Usually an alien who enters on VWP cannot file for an adjustment status to lawful permanent resident status (green card holder) or change status to another non-immigrant status while in the U.S. By entering on VWP, the alien certifies to the Customs and Border Protection agent who admits you that you do not intend to stay in the U.S. If you intend to stay in the U.S., you are considered ineligible for the VWP and should seek the appropriate visa from the U.S. consulate in your country.
The exception to this is for immediate relatives of U.S. citizens who are the beneficiaries of an immediate-relative petition and file an adjustment of status application within the 90 day authorized period. [INA 245(c)(4)]. Sometimes, after people arrive in the U.S. on VWP, they might change their minds and decide they want to stay permanently with their U.S. citizen family member. If you are in the U.S. based only on the VWP, then you can file for a green card based on the following three conditions: marriage to a U.S. citizen, being the child of a U.S. citizen (under 21 years old and unmarried), or being the parent of a U.S. citizen, and the U.S. citizen child who petitions for you must be 21 years or older (these three bases together is called the “immediate relatives” category).

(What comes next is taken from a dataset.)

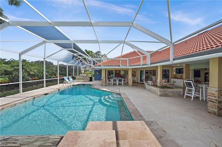 Beautifully renovated estate home, nestled on a lushly landscaped lot with picturesque, endless golf course views and the best in outdoor living with 2000 SF of pool & lanai space. As you step inside, you’ll be greeted by soaring vaulted ceilings with lots of of natural light and just over 3500 SF of luxury living.The heart of this home is the well designed chef’s kitchen, featuring a large quartz island that is perfect for meal preparation and gathering with friends & family. Also, equipped with GE Monogram Appliances, including induction cook top, 30 cubic foot stainless steel Kitchen Aid refrigerator, enormous storage space, and elegant finishes. This home features a split bedroom floor plan, lots of storage, gas fireplace and a generous primary suite.The expansive 800 SF covered lanai where you’ll find a resort-style pool complete with a captivating waterfall spa and summer kitchen, all perfect for entertaining & relaxing. In addition, home boasts newer AC’s and hot water heater, hurricane impact windows and sliders and whole home generator. Low HOA fees include fiber optic high speed internet & cable.Minutes to beaches, dining and shopping. Membership to Club is optional.

Example: Sara lives in England. Dan lives in Chicago and is a U.S. Citizen. Sara and Dan have been dating for 2 years, and Sara often comes to Chicago to visit Dan, never staying for more than 90 days. During one of Sara’s trips to Chicago, Dan proposes and Sara says yes. Sara and Dan would be able to get married right away and as a result of the marriage, Sara would be able to apply for an adjustment of status so she could remain in the U.S. Furthermore, Sara can file her adjustment of status at the same time that Dan files the immigration petition (I-130) petition for her within 90 days of herarrival at the US.

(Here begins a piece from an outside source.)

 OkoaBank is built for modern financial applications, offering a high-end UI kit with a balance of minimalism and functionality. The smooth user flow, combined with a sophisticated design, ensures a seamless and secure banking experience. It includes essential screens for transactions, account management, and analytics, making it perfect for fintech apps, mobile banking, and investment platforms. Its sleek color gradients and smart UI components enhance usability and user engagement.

Furthermore, it should be noted that although it is best for the alien to file his/her adjustment of status application within the 90 day authorized period, an immediate relative of a U.S. citizen’s AOS application submitted after the VWP validity period will not be denied due to them being out of status, so long as the alien is otherwise eligible for the AOS application. [USCIS Field Operators Directorate][8 C.F.R. 1208.2(c)(3)(i)]For all other kinds of green card applications, you will still have to go through the consulate in your country after the initial petition has been approved by the USCIS.
As illustrated above, the immediate relatives of United States citizens are afforded certain advantages under immigration law. Whereas most aliens who come to the United States and wish to apply for an adjustment of status or change of status are subject to the 30/60-day rule, immediate relatives of US citizens are exempted from the burden of having to prove that they did not have a preconceived intent to immigrate. Furthermore, the immediate relatives are also able to circumvent the governance that prevents aliens visiting the United States as a part of the Visa Waiver Program, due to them having significant family ties in the United States.